Marine Discovery Ecology 450 Phylum Arthropoda (shrimp, crabs, barnacles, isopods, etc.)

  • Exoskeleton is made up of stiff cuticle made largely of chitin and proteins, can be further stiffened with calcium carbonate
  • Distinct segmented bodies (Tagmosis→ head, thorax, abdomen)
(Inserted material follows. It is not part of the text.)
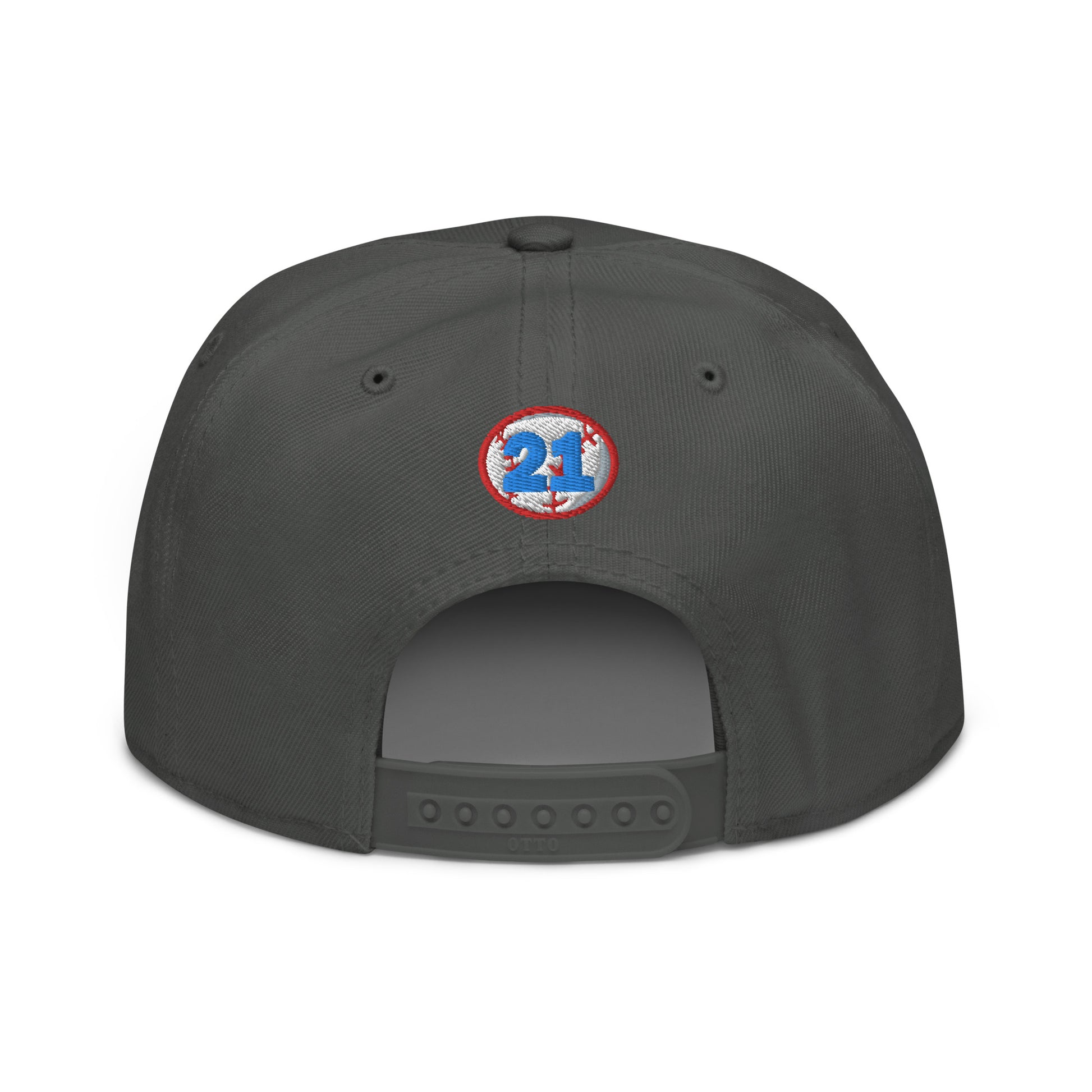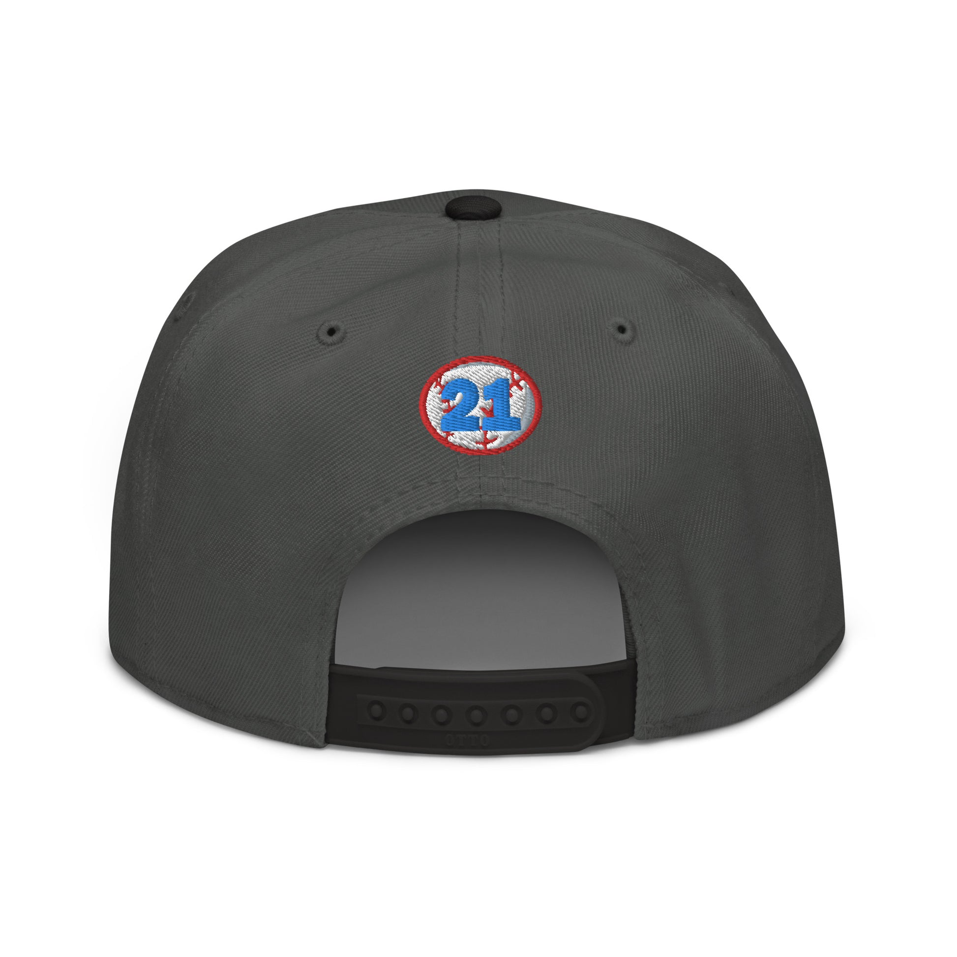This is the snapback of your dreams! It's structured and high-profile, with a flat visor and a subtle grey under visor.

  • Trilobites were the dominant arthropod during the early paleozoic
  • The exoskeleton provides structure for the muscles to pull, reduces the loss of water, and protects them from physical dangers
  • Chitin is laid with plates, with joints between them
  • Some have uniramous appendages (legs with single branch) , rest has biramous. Outer is often a flattened gill, inner is for walking, reproducing, grasping or chewing

Madreporite: Where the starfish absorbs water; helps circulate water through its water vasular system. Ambulacral groove: It catches food and moves it towards the mouth, working together with its suction cups/ foot i think idk. Anus and mouth is on the same side (up side) lul.